Мы сидели в бетонированных дотах старой линии обороны под Полоцком. Ходили слухи, что Буденный уже взял Варшаву, Ворошилов подступает к Берлину. Война вот-вот могла кончиться без нас. Мы требовали политрука, мы спрашивали, когда же, наконец! Немецкие самолеты тихо летели над нашими головами куда-то в тыл и там сбрасывали бомбы.
Вскоре нас подняли по тревоге и повели назад к Полоцку. Белый город стал красно-черной развалиной. Женщины с тяжелыми мешками, спотыкаясь, шли по городу. Я представил себе, как, согнувшись под мешком, по кирпичам бредет та девушка, Звезда. А ей пристало ходить только прямо, пощелкивая каблучками.
Через некоторое время нас повели обратно в доты. Это было первое окружение.
Наши винтовочки образца 1891/1930 гг. – против автоматов, «мессершмиттов», радиосвязи.
Тяготы войны я переносил терпеливо, как интеллигентный человек. Стыдился быть хуже кого-нибудь другого. Моя бодрость злила друзей. Меня ругнули, и я притих.
И верно, в эти первые месяцы самое уместное было молчать. В действующей армии очень мало разговаривали, отступали молчаливые люди.
В первый послевоенный год я поехал в Серпухов, раздобыл мешок картошки. Выпил с приятелем и по дороге на станцию упал в канаву. И заснул. А мешок на мне. Проснулся в Москве, дома. Верю в судьбу.
Мы придумывали, балдея и заходясь от этих разговоров, как обставить встречу после войны, если кто-нибудь из нас придет к другому домой. Ни слова не говоря! – к буфету, за бутылкой водки, которая специально стоит! – и молча! – у порога! – по стакану! – Граненому!
Встречались, но – не так, проще, уже шла жизнь.
Была одна жизнь, я уже не знал, что делать с ней, и хотел другой жизни. И она началась – в армии, и была огромна, казалась бесконечной. Но вот и она кончилась, я уже думал, что и сам кончился вместе с ней. Но настала третья – и снова так огромна, и конец только-только еще начал проглядываться. И то – не ошибка ли?
Не отсюда ли, от ощущения бесконечности этой жизни, – вера в бессмертие? Может быть, эта вера – просто привычка жить?
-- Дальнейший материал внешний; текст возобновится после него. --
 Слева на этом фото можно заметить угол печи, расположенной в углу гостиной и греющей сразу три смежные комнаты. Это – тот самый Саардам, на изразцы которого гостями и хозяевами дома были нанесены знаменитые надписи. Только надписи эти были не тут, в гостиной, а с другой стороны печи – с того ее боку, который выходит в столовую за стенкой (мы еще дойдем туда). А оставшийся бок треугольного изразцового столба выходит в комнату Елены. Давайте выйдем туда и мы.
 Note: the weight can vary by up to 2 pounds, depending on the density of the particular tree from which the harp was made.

Одна сторона любви была для нас как бы незаконной, несуществующей. После выпускного школьного вечера мы шли по улице и поспорили: кто первый возьмет девчонку под руку. Я собрался с духом и взял под руку самую толстую, всегда отстававшую в учебе. Я был уверен, что она начнет отбиваться, и будет смешно. Но она отбиваться не стала, а наоборот, потянула меня в переулок, завела в парадное своего дома. Девушка была неуемная, но предусмотрительная и хорошо знала, что можно, а чего нельзя. Тогда все девушки берегли свою девичью честь. Некоторые доберегли до конца.
Очевидно, чувство любви, которое может стать радостью существования, не отказывает себе в праве поиздеваться. Подурачит, поводит за нос, собьет с толку, заморочит, десять раз обманет, а потом уж перед кем искупит свои забавы, а перед кем и нет. Так и проживут – и думают, что все в порядке.
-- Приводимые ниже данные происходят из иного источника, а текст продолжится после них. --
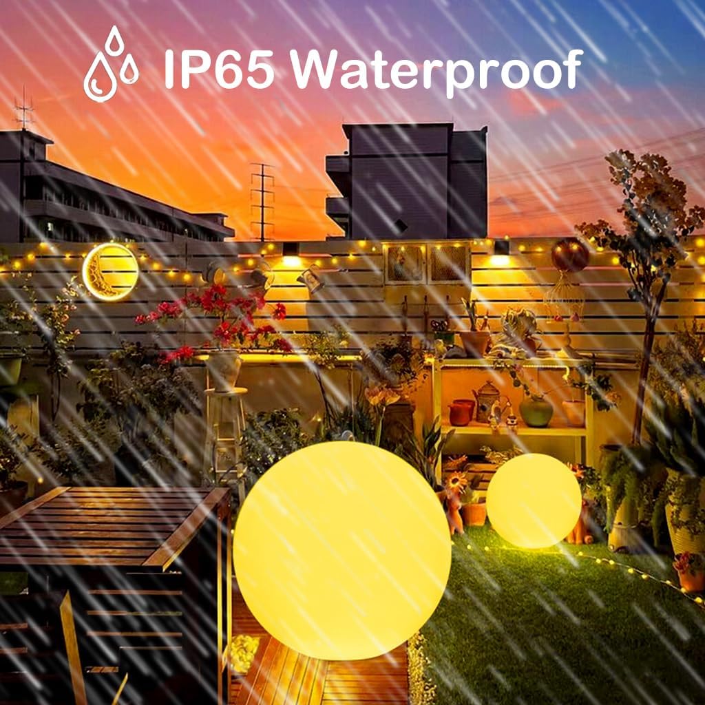 • Weatherproof & Durable: Built to withstand the elements, this rechargeable LED Ball Light is IP65 waterproof, ensuring reliable performance in rain or shine. Its sturdy construction makes it ideal for long-term outdoor use in gardens, patios, and lawns

И снова морочит: вон идет девушка – золотоволосая, платье треплется на ветру, она трубит в трубу… А это она просто пьет из бутылки молоко, в обеденный перерыв идет из магазина. Ну и что, ведь могла бы идти прекрасная с трубой где-нибудь в другом месте, в другое время. А вот на вокзальной скамейке задумалась, печально склонила голову… А приглядишься – лицо у нее одутловатое после портвейна: просто ей трудно поднять голову.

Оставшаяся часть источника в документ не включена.